Emphasizing a Holistic Approach to PreventionFri, 07/05/2019 - 09:27
Although cardiologists can work to prevent heart diseases, the most effective strategy to decrease incidences would be to follow a holistic approach where all doctors and specialists collaborate in identifying risk factors, says Pedro Gutiérrez-Fajardo, President of the National Association of Cardiologists in Mexico (ANCAM). “We need to prioritize prevention. It is the easiest and most economical way to get the best medical results,” he says.
ANCAM has a 35-year history and Gutiérrez-Fajardo says that in that time, the association has consolidated by maintaining an open and inclusive approach toward its members. “ANCAM hosts graduates from 28 cardiology schools in the country. We have also worked to establish collaboration agreements with different national cardiology societies and international institutions, such as the American College of Cardiology, the American Heart Association, the American Society of Echocardiography and the European Society of Cardiology, to maintain a constant influx of information,” he says.
The association focuses on constantly providing updated information to cardiologists and also shares this data with other specialists. “We organize regional events where we invite doctors and nurses from areas like emergency and intensive care, endocrinology and gynecology,” he says. The holistic approach the association is taking is rooted in a single idea: prevention. However, the hardest part to making this approach successful is boosting understanding among the general population regarding the importance of prevention and how to minimize risk factors, according to Gutiérrez-Fajardo.
Although ANCAM uses social media to deliver concrete and understandable information regarding prevention of heart disease to the general population, Gutiérrez-Fajardo says there are priority groups in which the association needs to focus, with children, young adults and women among the most important. “There are more women dying of heart disease than of breast cancer. We are joining forces with gynecologists, so whenever women go for their routine checkups, specialists can detect risk factors related to heart disease early and direct patients to a cardiologist.”

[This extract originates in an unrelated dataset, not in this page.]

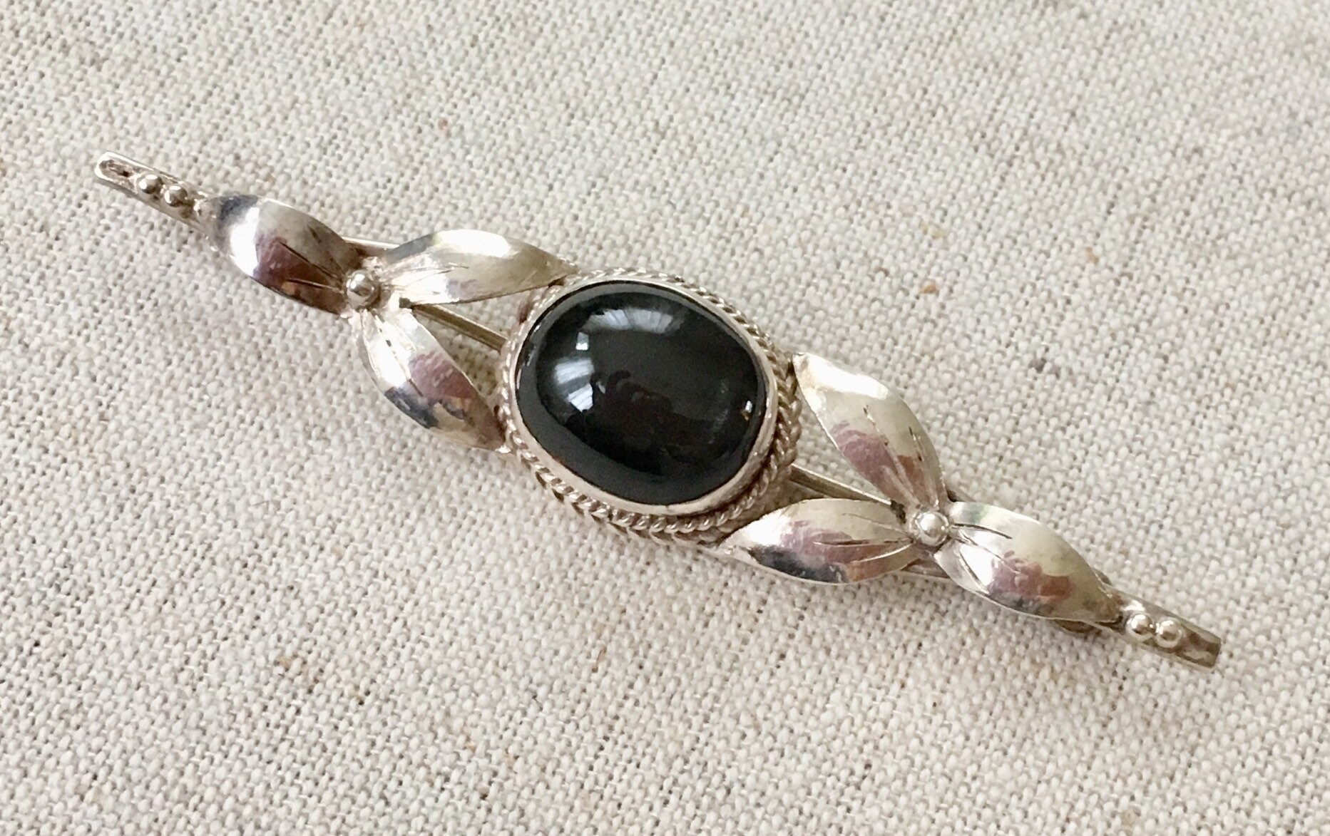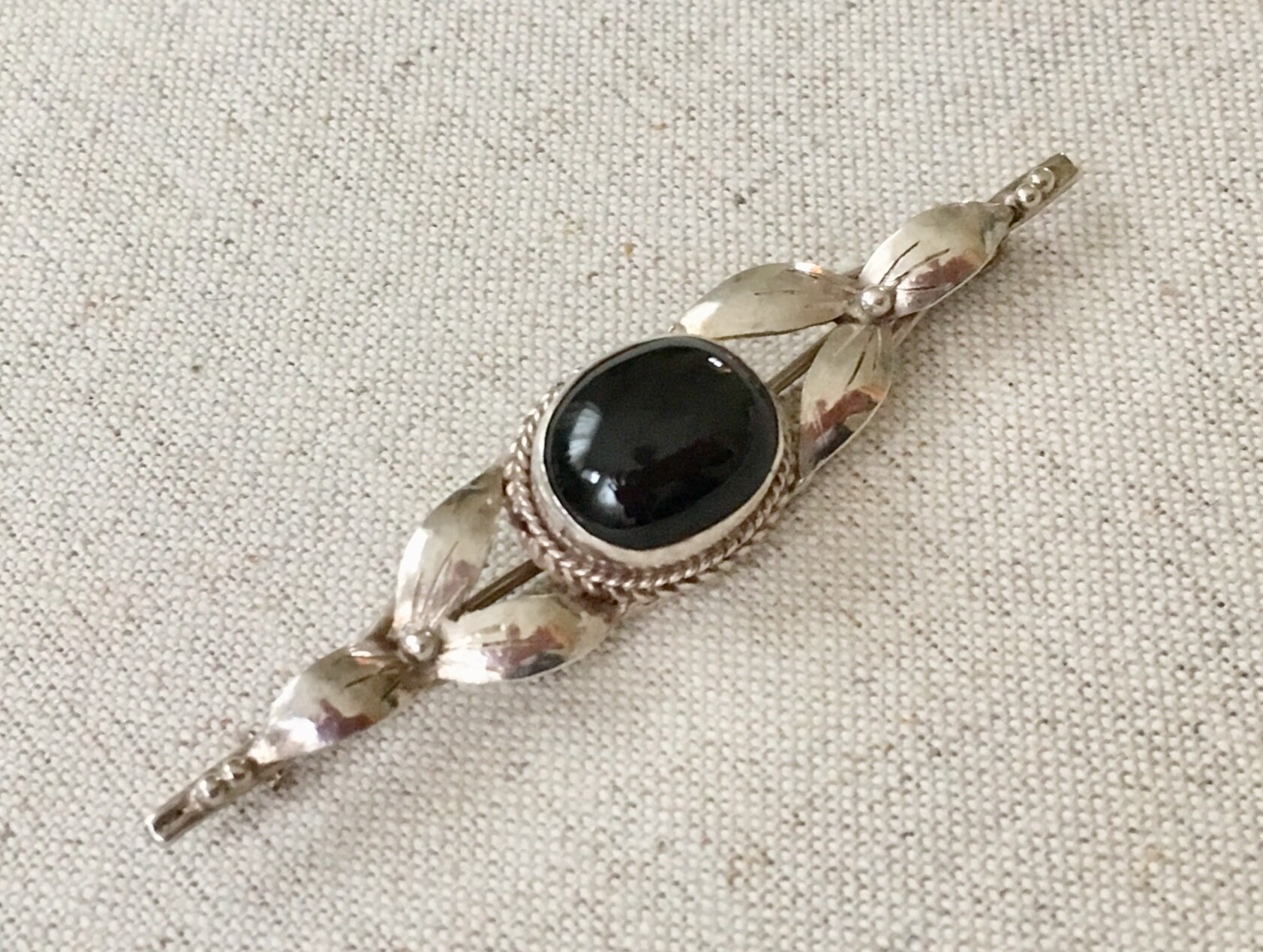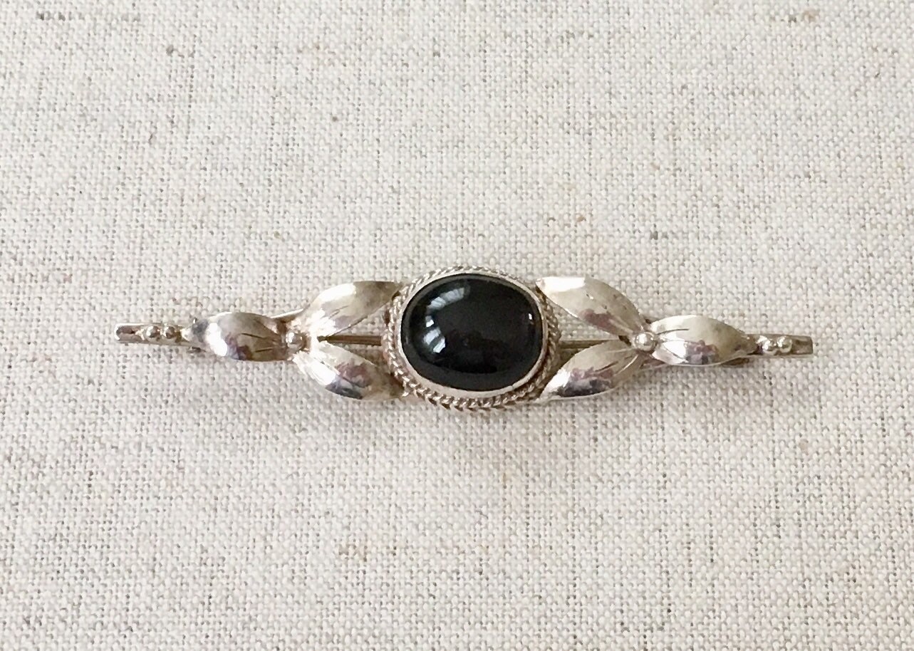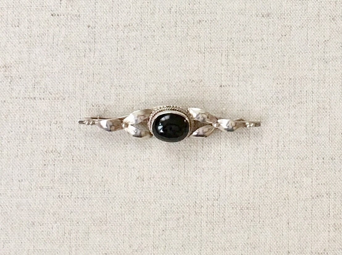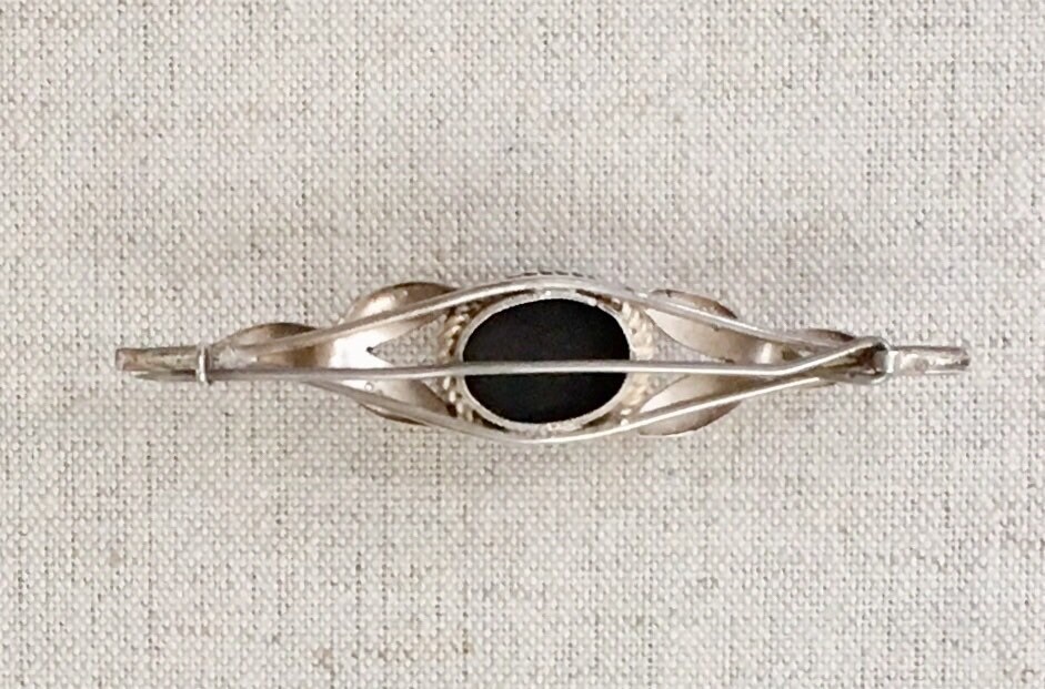 Pretty vintage sterling silver and black onyx pin / brooch with floral and twisted rope scroll work.

With children, however, ANCAM’s strategy is completely different since the risks they face change completely. “An obese child will become a hypertensive patient at an early age, which increases the possibility of experiencing a heart attack earlier. This situation, when replicated, generates a heavier strain on the national health system,” says Gutiérrez-Fajardo. However, with children, there also is an increased opportunity for effective communication. “Children are very receptive, so we want to develop an educational program that focuses on the creation of healthy habits, such as eating healthy food, hydrating, exercising and sleeping well. We hope to not only educate children but to educate their parents, as well.”
For Gutiérrez-Fajardo, prevention goes beyond the medical sphere, impacting directly on the country’s development. “Health, education and economic development go hand in hand. There is no point in having a young population with high productivity potential if it is sick. Rather than being an asset for the economy they can become a strain on the health system,” he says.
Besides its own campaigns, ANCAM also has reached out to the public sector to collaborate in the creation of public policies that prioritize prevention at an early age. “We are trying to work with the Chamber of Deputies to bring forward a proposal to engage in this topic more seriously.” Gutiérrez -Fajardo suggests the prohibition of junk food in schools and in areas surrounding them. “It is a matter of providing education and healthy options from an early age, but we need to work alongside the public sector.”
While this collaboration solidifies, ANCAM will continue working to strengthen its alliances and collaboration agreements with other institutions to keep promoting healthy habits and services among the general population. “The important thing is to continue working on education,” says Gutiérrez-Fajardo.